How California’s Health Care Landscape Is Shifting

At a panel discussion in Sacramento yesterday, the line of the day belonged to Louise McCarthy, head of governmental affairs for the Community Clinic Association of Los Angeles County.

The phrase “elephant in the room” kept coming up throughout the discussion, and usually it referred to some health care money owed and not being paid by the state.

“It’s not an elephant in the room we’re dealing with,” McCarthy said. “It’s more of a pachyderm party right now.”

It’s an interesting time for health care in California. On one hand, the anemic state budget has meant widespread slashing of state health services, and on the other, the state is far ahead of the rest of the nation in implementing health care reform and corralling the federal dollars that come with that.

So the experts who gathered for a California Health Policy Forum staged by the Center for Health Improvement brought a mix of exasperation and hope to the table. They talked about how California’s safety net of health care services will change in the next few years, and how it needs to change beyond that.

“We ought to be thinking about today, tomorrow and the day after tomorrow — if you think of tomorrow as 2014,” Lucien Wulsin of the Insure the Uninsured Project said.

“County health is in a whole world of hurt,” he said. “You’re looking at 6 ½ to 8 million uninsured in California.

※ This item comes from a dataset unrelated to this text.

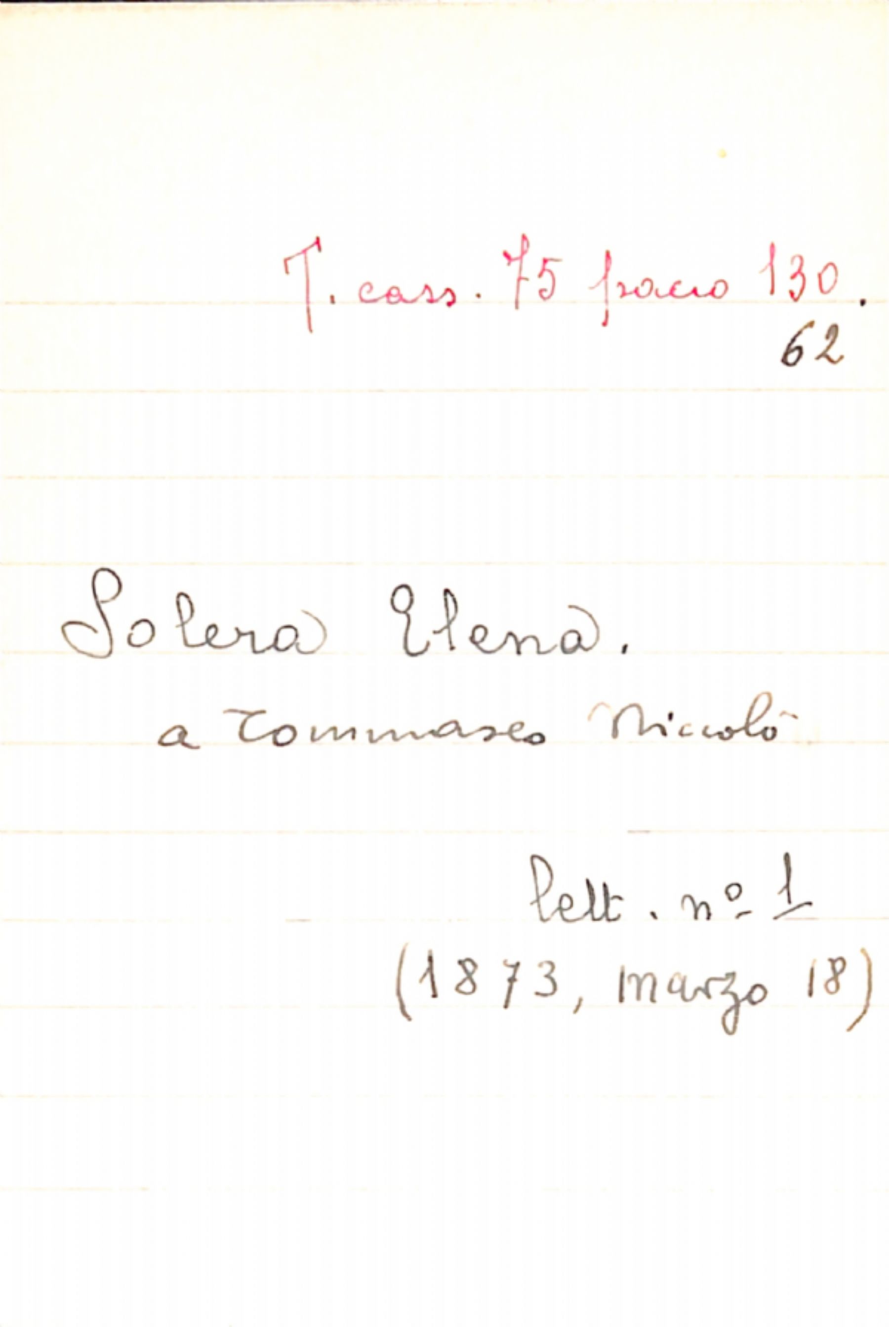 Fascicolo Solera, Elena a Tommaseo, Niccolò

The number of Medi-Cal patients went up like crazy, and state money went down.”

That’s where the recently approved Medicaid waiver can make a big difference, according to David Maxwell-Jolly, head of the California Department of Health Care Services.

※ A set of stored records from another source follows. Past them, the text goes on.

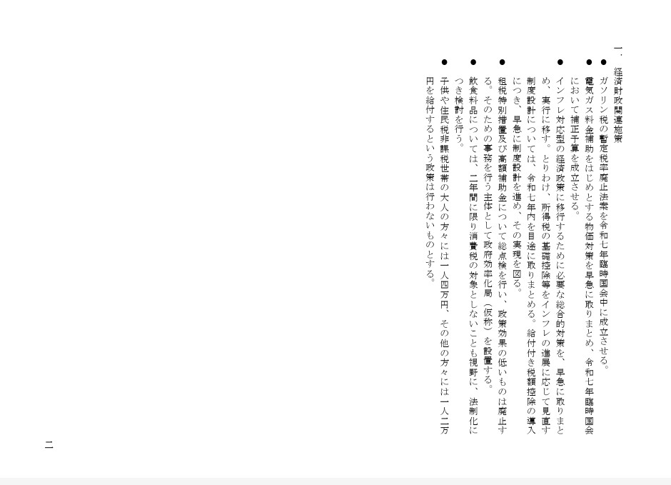合意書には、ガソリン税の暫定税率廃止法案の成立や2年間に限り、食料品は消費税の対象としないことも視野に法制化を検討すること。
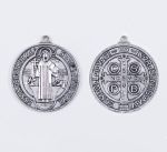 Duży, solidny medal św. Benedykta w kolorze srebra o średnicy ok. 4,5 cm i grubości ok. 2 mm. Do noszenia na szyi.
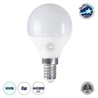 GLOBOSTAR® SPHERE 60013 Λάμπα E14 G45 LED 4W 388lm 260° AC 220-240V IP20 Φυσικό Λευκό 4500K – Lumileds SMD Chip – Λευκό Γαλακτερό – Μ4.5 x Π4.5 x Υ7.8cm – 3 Χρόνια Εγγύηση
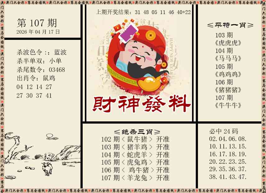 | 五行肖 | 五行生肖属性:【金肖】猴鸡 【木肖】虎兔 【水肖】鼠猪 【火肖】蛇马 【土肖】牛羊龙狗 | |||
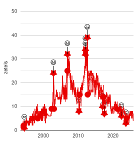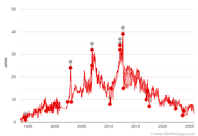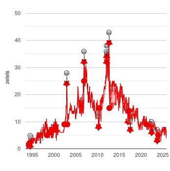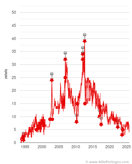In een historische grafiek worden de zeven verschillende peilingen voor de SP vanaf 1993 tot nu met elkaar vergeleken. Hierbij wordt gebruik gemaakt van peilingen van de volgende peilers: peil.nl van Maurice de Hond, Verian, de politieke barometer van Ipsos Synovate, I&O Research, De Stemming, LISS panel en NOS Peilingwijzer.

“The key challenge is adding people to Medi-Cal, as many as 2 million,” he said. “Now, a lot of these people won’t have health problems, that’s one reason why they’ve been uninsured. But there also will be a substantial number of people who have serious health and behavioral issues, and that presents a major challenge.”

The idea, he said, is to prepare for covering so many more Californians in 2014 by trying to take on a lot of those people now, to get them incorporated into the Medi-Cal system so that the huge shift in medical care in 2014 goes smoothly.

“That’s the key to making sure we do things efficiently,” he said.

The other key is to beef up primary care, according to Kelly Pfeifer, director of the San Francisco Health Plan.

“The main message, yes, we’re in a tremendous mess, but there’s hope,” Pfeifer said. “And the hope lies in primary care.”